====== ENTRIES SHOWN ======

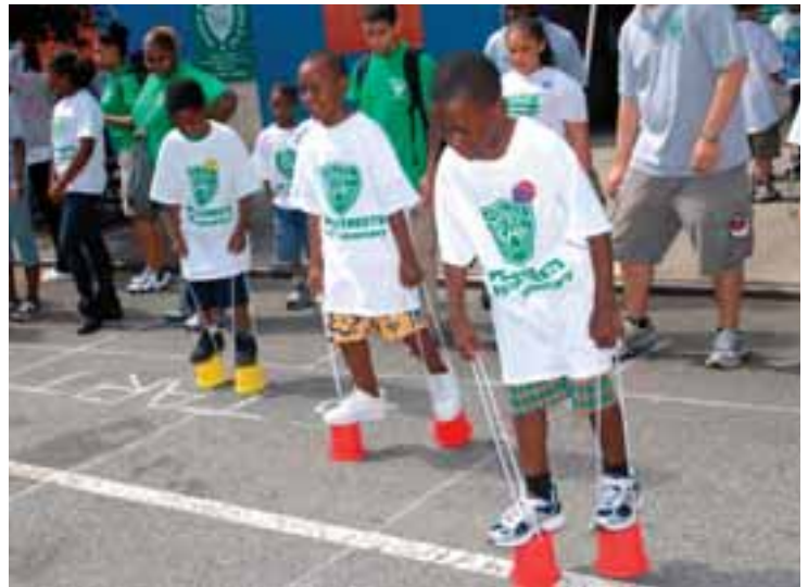
Play streets give kids space to move.

In New York City, a 'play street' is made possible when 51% of the residents living on a one-way residential block sign a petition and offer it to their local police and transportation officials, who then send it to the local community board for review. Once the community board approves the idea, the initiative can take shape and the city provides youth workers to supervise the program. Approximately 75% of these initiatives are organized by the New York City Police Athletic League.
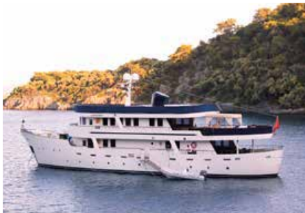
DONA DEL MARE New Classic 34.10 m 2006 Location: Croatia 3,200,000 €
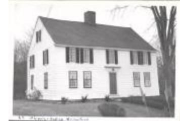
Whipple-Gallup Homestead (Coll. 003 Vol. 015 Photo 064)
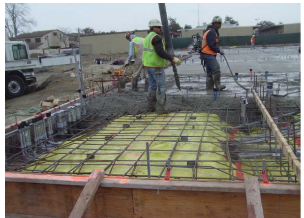
Concrete Pour for Slab on Grade at Building A

======

(WHAT THE TASK REQUIRES): Print out the records in full and exactly, dropping every picture.

(TASK SOLUTION):
Play streets give kids space to move.

In New York City, a 'play street' is made possible when 51% of the residents living on a one-way residential block sign a petition and offer it to their local police and transportation officials, who then send it to the local community board for review. Once the community board approves the idea, the initiative can take shape and the city provides youth workers to supervise the program. Approximately 75% of these initiatives are organized by the New York City Police Athletic League.
DONA DEL MARE New Classic 34.10 m 2006 Location: Croatia 3,200,000 €
Whipple-Gallup Homestead (Coll. 003 Vol. 015 Photo 064)
Concrete Pour for Slab on Grade at Building A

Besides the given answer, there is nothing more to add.